LONDRES (Reuters) - Les rendements des emprunts d'Etat de plusieurs pays de la zone euro bien notés en dehors de l'Allemagne ont atteint vendredi leur plus bas niveau historique, des intervenants évoquant la possibilité que des investisseurs japonais se détournent de leur marché domestique pour s'intéresser à la zone euro.

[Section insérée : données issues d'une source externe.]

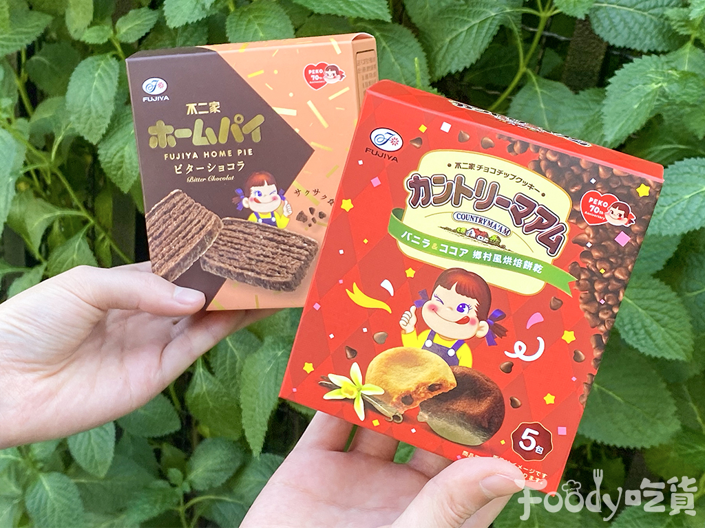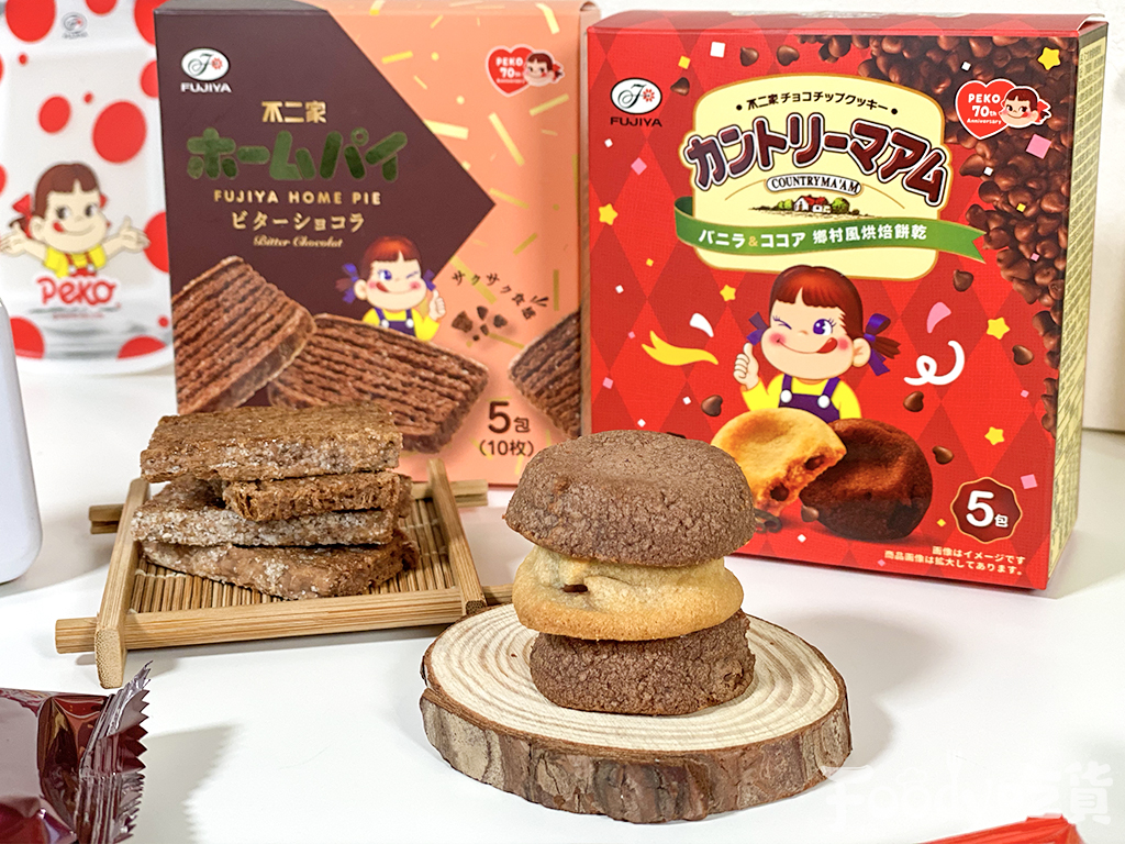 ▼「不二家Peko巧克力千層派」(售價59元),700多層餅乾堆疊烘烤而成,使用富士山天然水調製,餅乾鬆脆可口;「不二家Peko鄉村風烘焙餅乾」(售價59元),雙口味(香草/ 巧克力) 內含巧克力豆,外表酥脆內餡溼潤,口感如同現烤糕點,開封後加熱食用風味更佳。

Le rendement à dix ans français est ainsi passé pour la première fois sous la barre symbolique de 1,8%, pour revenir à 1,799%. Parallèlement, le rendement autrichien a inscrit un plus bas à 1,52% et l'équivalent belge a fait de même à 2,005%.

Ce mouvement intervient au lendemain de l'annonce par la Banque du Japon (BoJ) d'une nouvelle phase d'assouplissement quantitatif qui a fait tomber le rendement des emprunts à dix ans nippons (JGB) à 0,315%.

La préférence pour les obligations de la zone euro offrant un rendement supérieur à celui de la dette allemande intervient alors que les coûts de financement de l'Allemagne ont touché jeudi leur plus bas niveau depuis huit mois, conséquence des déclarations de la Banque centrale européenne sur le fait qu'elle est "prête à agir" pour soutenir l'économie.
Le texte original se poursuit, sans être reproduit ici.